===== Data extract
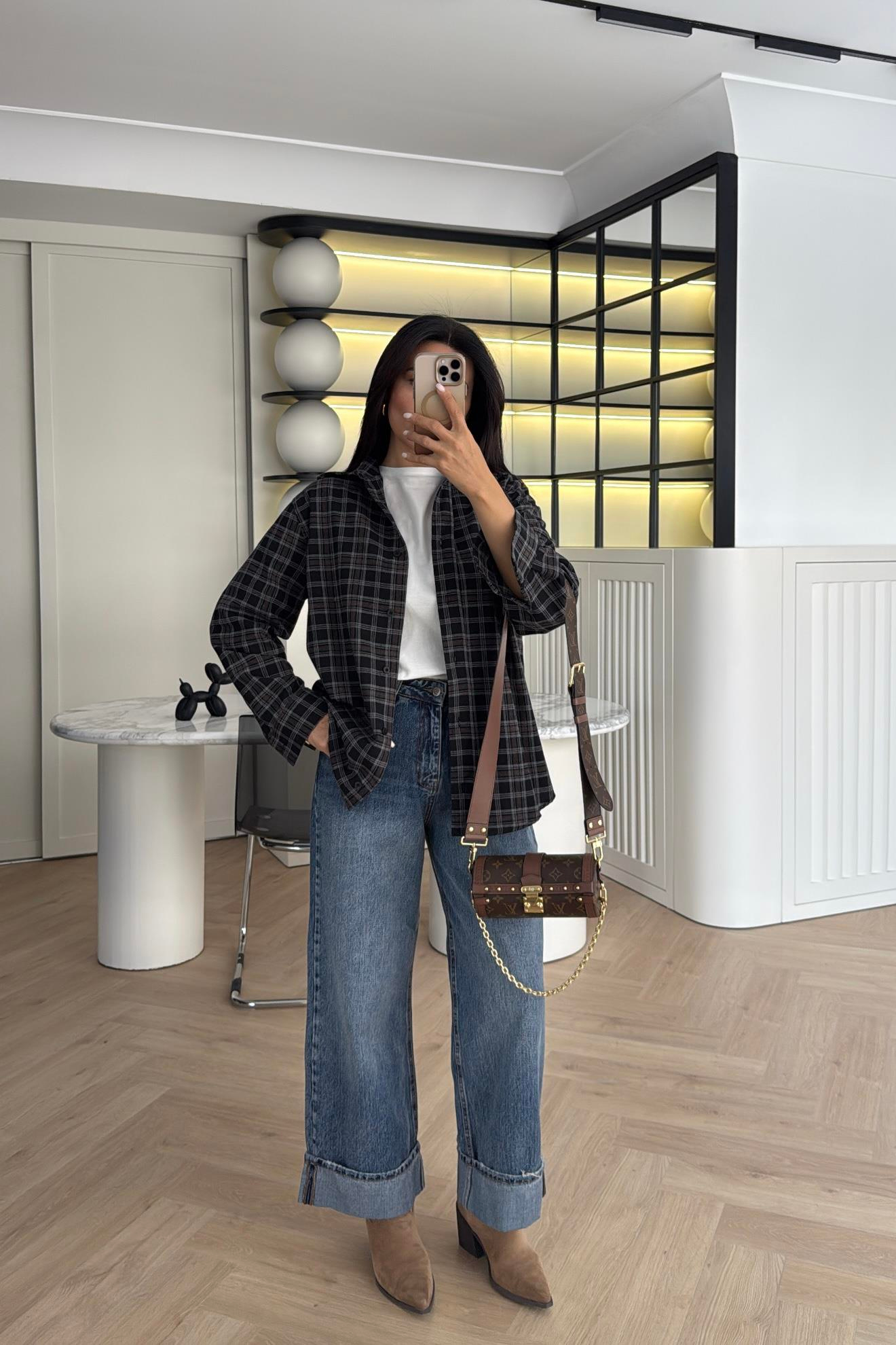 SİYAH EKOSE DÜĞMELİ GÖMLEK
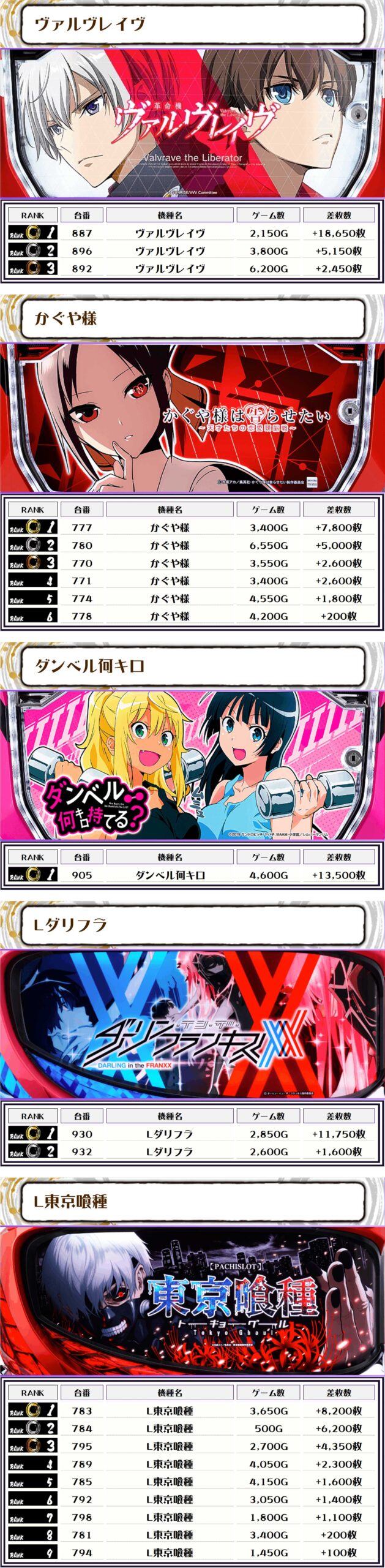 ピックアップしたのは優秀台が多かったと思われる機種になります📝
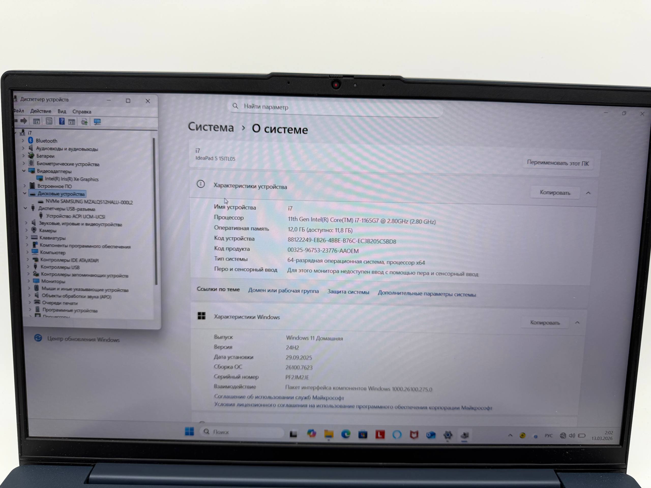 Lenovo IdeaPad 5 15ITL05 Intel(R) Core(TM) i7-1165G7 @ 2.80GHz
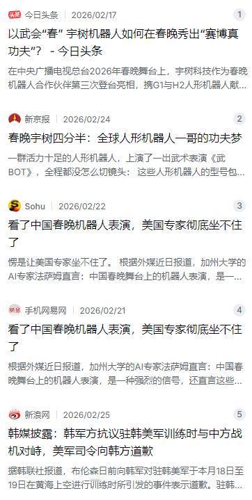 据印尼媒体报道,美国加州大学人工智能专家法萨姆认为:从中国春晚机器人的表现看,这些机器人可以成熟的应用到军事领域。在中美印太战略博弈加剧的背景下,加上美国和伊朗矛盾上升之际,他认为:这是北京给华盛顿发出了一个强烈的信号。   麻烦看官老爷们右上角点击一下“关注”,方便您进行讨论和分享,感谢您的支持!   2026年的马年春晚,杭州宇树科技的H2人形机器人带着二十多个“兄弟”在《武BOT》节目里秀了一把真功夫。这帮机器人不仅能后空翻、耍双节棍、打醉拳,还能在奔跑中快速变阵、高精度协同,全程零碰撞。说是表演,其实懂行的人一眼就能看出来——这是全球第一次全自主人形机器人集群武术表演,技术底子厚不厚,全在动作里了 。   节目是挺热闹,但有人看得心里不是滋味。美国加州大学的一位人工智能专家法萨姆跳了出来,说这哪是文艺演出,分明是“强烈信号”。他解读说,这些机器人表现这么成熟,随时可以拉到战场上用,尤其是现在中美在印太较劲、美国和伊朗又闹得凶,北京这就是在给华盛顿递话呢。   这话听起来是不是有点耳熟?但凡中国搞出点新科技,西方总有人习惯性地往军事上扯。可话说回来,咱们得捋捋时间线。就在春晚前几天,驻韩美军可没闲着。十多架F-16战机从乌山基地起飞,直奔黄海空域搞训练,一度逼近中国的防空识别区。解放军自然得“全程跟监警戒”,结果双方在空中照了面,形成了对峙 。这事儿连韩国军方都急了,直接打电话给驻韩美军司令抗议,嫌他没提前通气、惹麻烦。美军司令后来不得不道歉,虽然嘴上硬,但训练确实提前叫停了 。   这一来一回,谁在秀肌肉、谁在制造紧张,明眼人看得清清楚楚。美国的专家不去反思自家军机跑到别人家门口“打卡”,反倒盯着中国的机器人节目上纲上线,这双标玩得确实溜。   更有意思的是后续。春晚刚结束没几天,美国国防部动作麻利得很,2月14号那天,直接更新了一份“中国军事企业清单”,宇树科技的大名赫然在列 。一起上榜的还有阿里、百度、比亚迪这些大家耳熟能详的名字。说是“军事企业”,可宇树干的事儿跟军工压根不搭边,人家主打的是四足机器人和人形机器人,卖到全球各地做电力巡检、消防应急,还有高校搞科研 。美国这一手,说白了就是“打不过就拉黑”——技术上追不上了,就用行政手段掐供应链、吓唬投资者,想把中国的新兴产业摁在摇篮里。   其实美国专家那套“军事解读”,多少有点心虚。摩根士丹利的报告摆在那儿,过去五年中国注册了7700多项人形机器人专利,是美国的五倍还多 。宇树科技2025年光是纯人形机器人就出货了5500多台,全球销量第一,四足机器人更是占了全球六七成的份额 。更关键的是,宇树整机国产化率超过90%,成本能压到同类产品的五分之一甚至更低 。这种产业链的优势,不是靠几纸禁令就能破防的。   反观美国,一边把民用技术往武器化方向联想,一边又对自家军机抵近侦察的事儿闭口不谈。说到底,他们把中国机器人技术的发展当成“威胁”,是因为自己习惯用技术霸权卡别人脖子。一旦发现中国走出了独立自主的路子,心态自然就失衡了。   当然,咱们也不能揣着明白装糊涂。人形机器人这种技术,确实属于军民两用范畴,未来拿去搞高原巡逻、地震救援,甚至危险环境作业,都是顺理成章的事儿。但这和美国的逻辑有本质区别:中国发展这类技术,出发点是服务民生、提升产业韧性;美国则是把民用技术包装成军事威胁,然后再反过来限制民用出口。一个在做加法,一个在做减法。   德国人的态度倒是挺实在。就在美国把宇树拉黑的同一个月,德国总理默茨带着30多家头部企业专门跑到宇树参观,现场看《武BOT》表演,跟机器人互动,聊的也都是工业场景怎么落地、成本怎么控制 。德国人心里门儿清:自家工业产出连续下滑,汽车业裁员几万人,这时候不去抱住中国的产业链“稳定器”,还跟着美国瞎折腾,那不是跟自己过不去吗?   所以说,这场机器人表演引发的风波,表面上是技术和军事的争论,背后其实是两种发展逻辑的碰撞。中国埋头搞研发、推量产、拓市场,用实打实的出货量和专利数说话;美国则忙着贴标签、列清单、搞封锁。只是这年头,光靠封杀已经封不住“中国制造”的韧劲了。宇树在美国市场的营收占比还不到5%,所谓的制裁,更多是象征意义 。   回头再看那位加州专家的“强烈信号”论,与其说是中国故意发信号,不如说是美国自己心虚得不行。看到别人家的机器人能翻跟头、能耍剑,第一反应不是惊叹科技进步,而是琢磨能不能杀人——这脑回路,本身就很能说明问题。
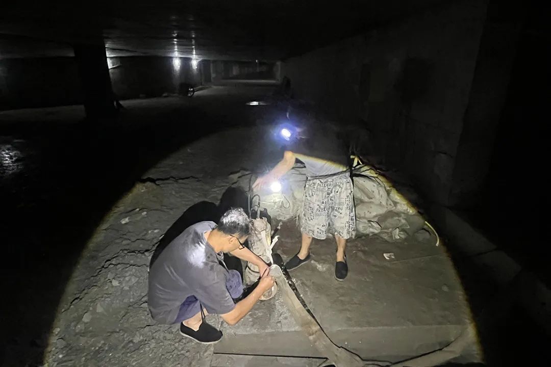 仁和镇东方太阳城社区工作人员清理地下管网。
==========
Give the lines exactly, from the first line of the entries to the line with "Lenovo IdeaPad 5", both ends included. Skip the pictures.

 SİYAH EKOSE DÜĞMELİ GÖMLEK
 ピックアップしたのは優秀台が多かったと思われる機種になります📝
 Lenovo IdeaPad 5 15ITL05 Intel(R) Core(TM) i7-1165G7 @ 2.80GHz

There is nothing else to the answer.